**INFORMATION SUPPLIED:**
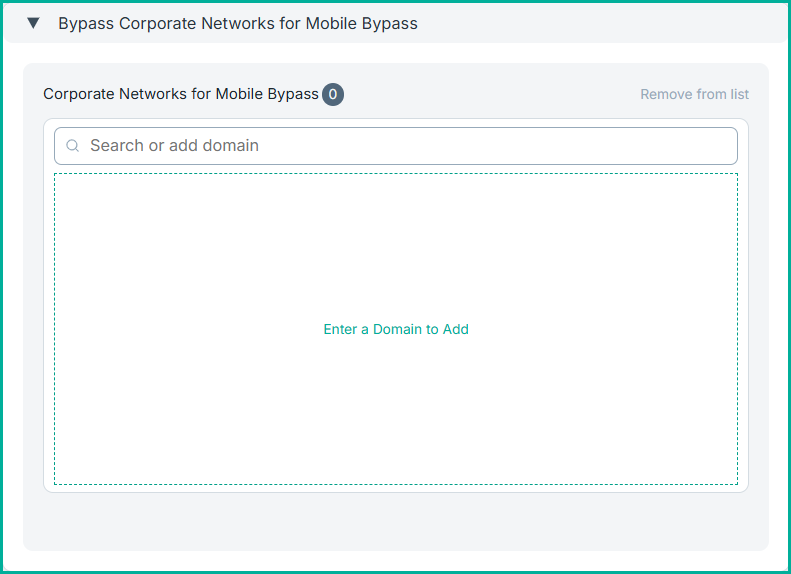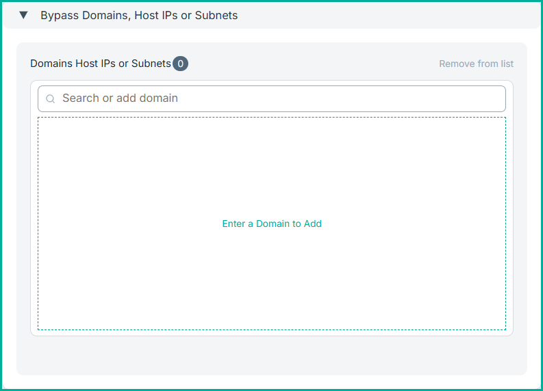 Add domains or host IP addresses that should be bypassed by the Mobile Endpoint Agent on the device. To add an entry, search for the required domain, IP address, or subnet, and click Enter to add it to the list. To remove any entry, select it from the list and click Remove from list.
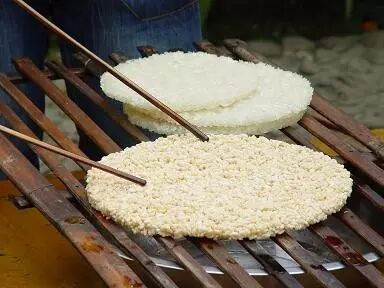 象耳朵粑粑傣语为“毫吾展”,是耿马傣语泼水节期间又一重要的风味食品。做法是将糯米用水浸泡一夜,磨成面浆沥去水分再搓揉成团,在锅中煮熟,捞出放到木臼中加上红糖舂捣,再取出放簸箕上裹上炒熟的豌豆面,擀成圆形薄饼,晒干后用油炸。象耳朵酥脆香甜、入口即化,是节日期间傣家必备的美食。
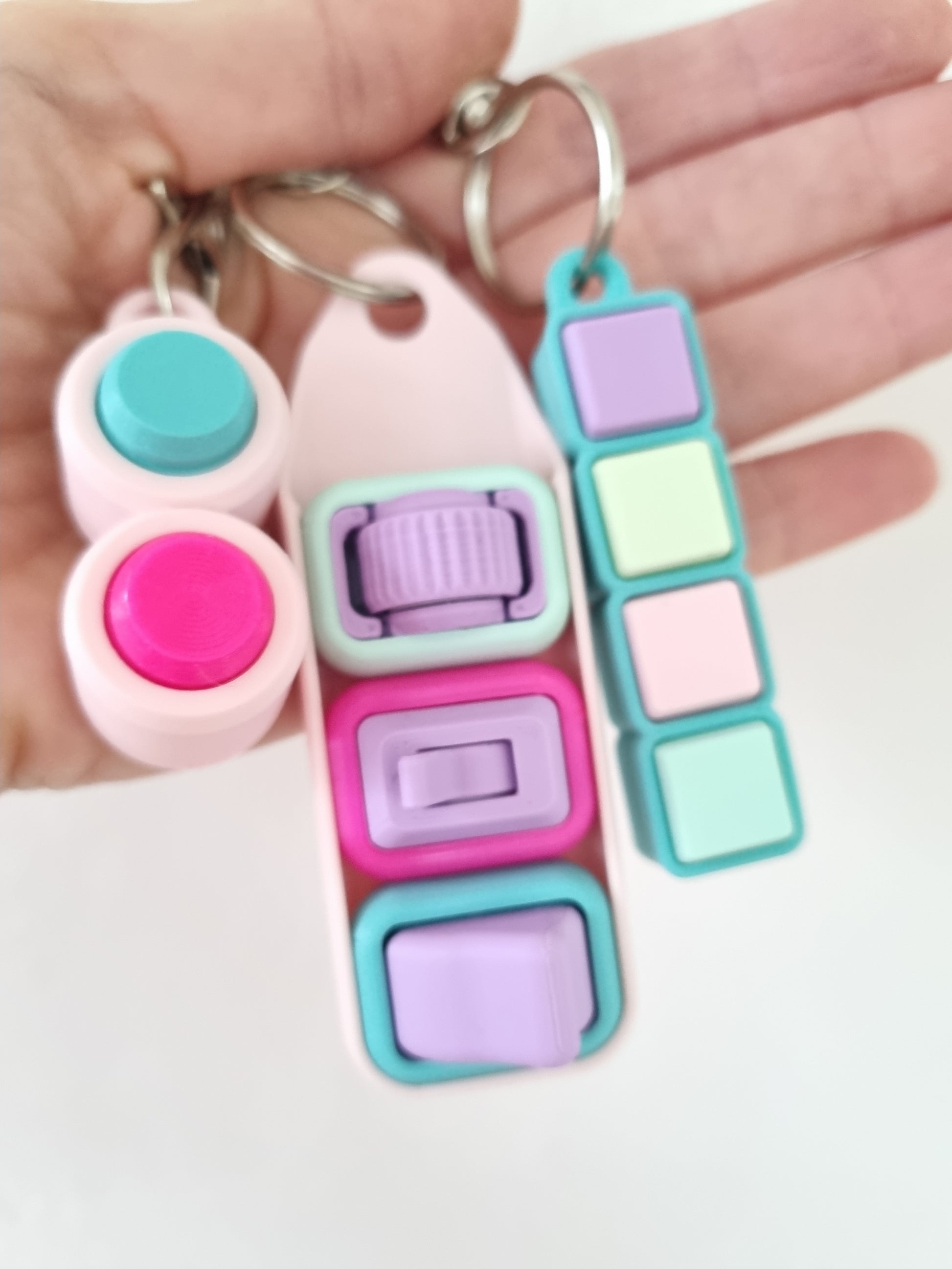 The fidgets come in a range of colours - pastel lilac, candy pink, pistachio, green, hot pink and teal - no other colour options available for this sale.
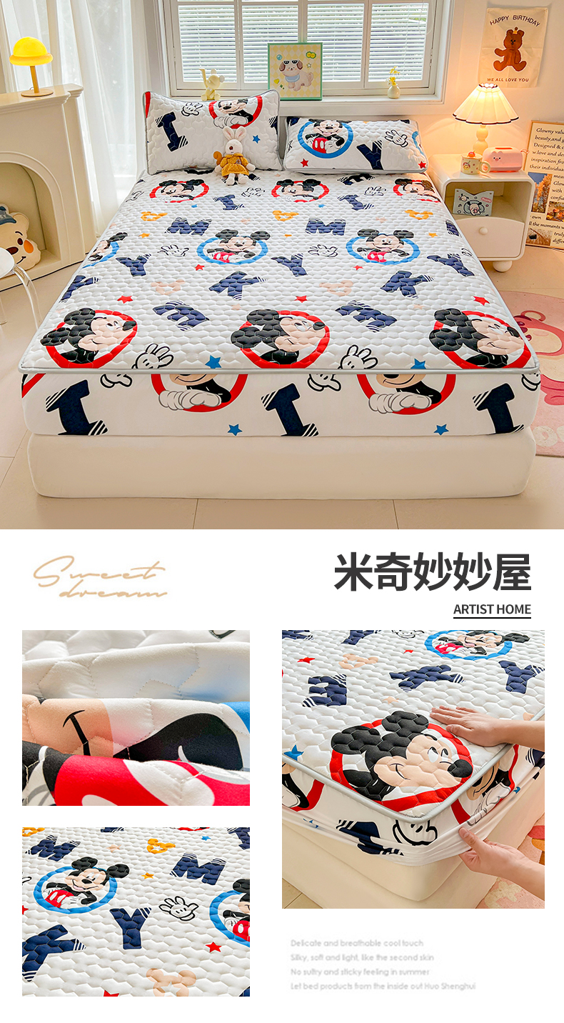 商品名称:迪梦思家纺 2025新款A类正版授权卡通印花水洗棉夹棉学生床笠 米奇妙妙屋

**HOW TO COMPLETE THIS TASK:** The preceding listing must be repeated exactly, with all images dropped.

**WRITTEN RESPONSE:**
 Add domains or host IP addresses that should be bypassed by the Mobile Endpoint Agent on the device. To add an entry, search for the required domain, IP address, or subnet, and click Enter to add it to the list. To remove any entry, select it from the list and click Remove from list.
 象耳朵粑粑傣语为“毫吾展”,是耿马傣语泼水节期间又一重要的风味食品。做法是将糯米用水浸泡一夜,磨成面浆沥去水分再搓揉成团,在锅中煮熟,捞出放到木臼中加上红糖舂捣,再取出放簸箕上裹上炒熟的豌豆面,擀成圆形薄饼,晒干后用油炸。象耳朵酥脆香甜、入口即化,是节日期间傣家必备的美食。
 The fidgets come in a range of colours - pastel lilac, candy pink, pistachio, green, hot pink and teal - no other colour options available for this sale.
 商品名称:迪梦思家纺 2025新款A类正版授权卡通印花水洗棉夹棉学生床笠 米奇妙妙屋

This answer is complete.